Yesterday, (November 4th), EPA announced its final research plan on hydraulic fracturing (HF). This study is being conducted at the request of Congress to better understand potential impacts of HF on drinking water resources.  To develop this study plan, EPA held a series of public meetings to receive input from states, industry, environmental and public health groups, and individual citizens. The Science Advisory Board (SAB) also reviewed the draft study plan to ensure that it follows a scientifically sound approach.  EPA expects to publish an interim report of results in 2012 and a final report in 2014. EPA also plans to be transparent throughout the study process and release periodic updates for all interested stakeholders.

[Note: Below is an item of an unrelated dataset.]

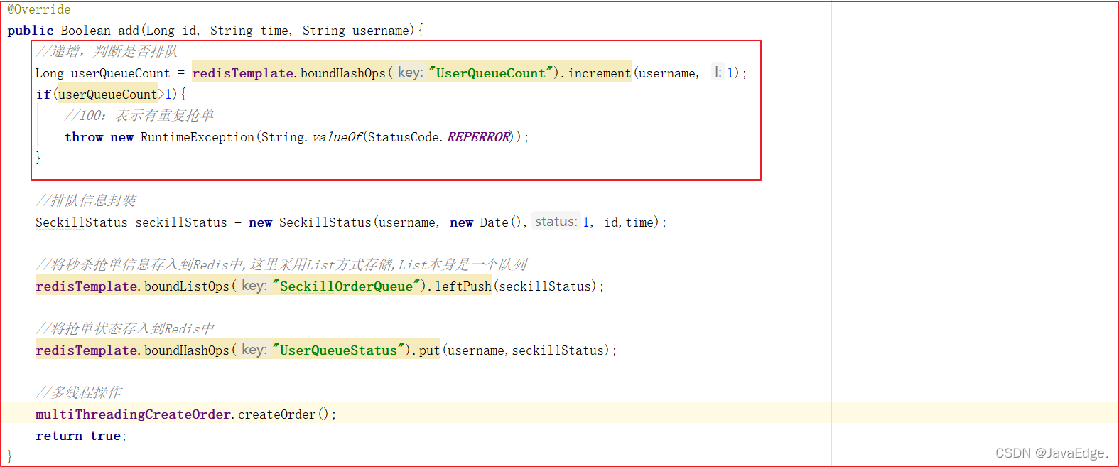修改SeckillOrderServiceImpl#add方法,新增递增值判断是否已排队:

EPA is working with the U.S. Department of Energy, USGS, states, and other stakeholders to conduct five retrospective and two prospective case studies in various locations across the nation.  The study will investigate the full cycle of water in the hydraulic fracturing process from the acquisition of the water, through the mixing of chemicals and actual fracturing, to the management of flowback and produced water, as well as its ultimate treatment and disposal.  EPA, with support from the SAB, has already begun to undertake some of the study activities including collecting voluntary information from well drilling companies on: chemicals used in the drilling process; standard operating procedures; and water quality data from both gas well owners and operators and private well owners.

Separate from the study, EPA is using existing authorities under the Clean Water and Safe Drinking Water Acts to:  address issues with HF wastewater disposal, treatment, and effluent; and developing guidance to assist UIC permit writers where diesel fuels are added to hydraulic fracturing fluids.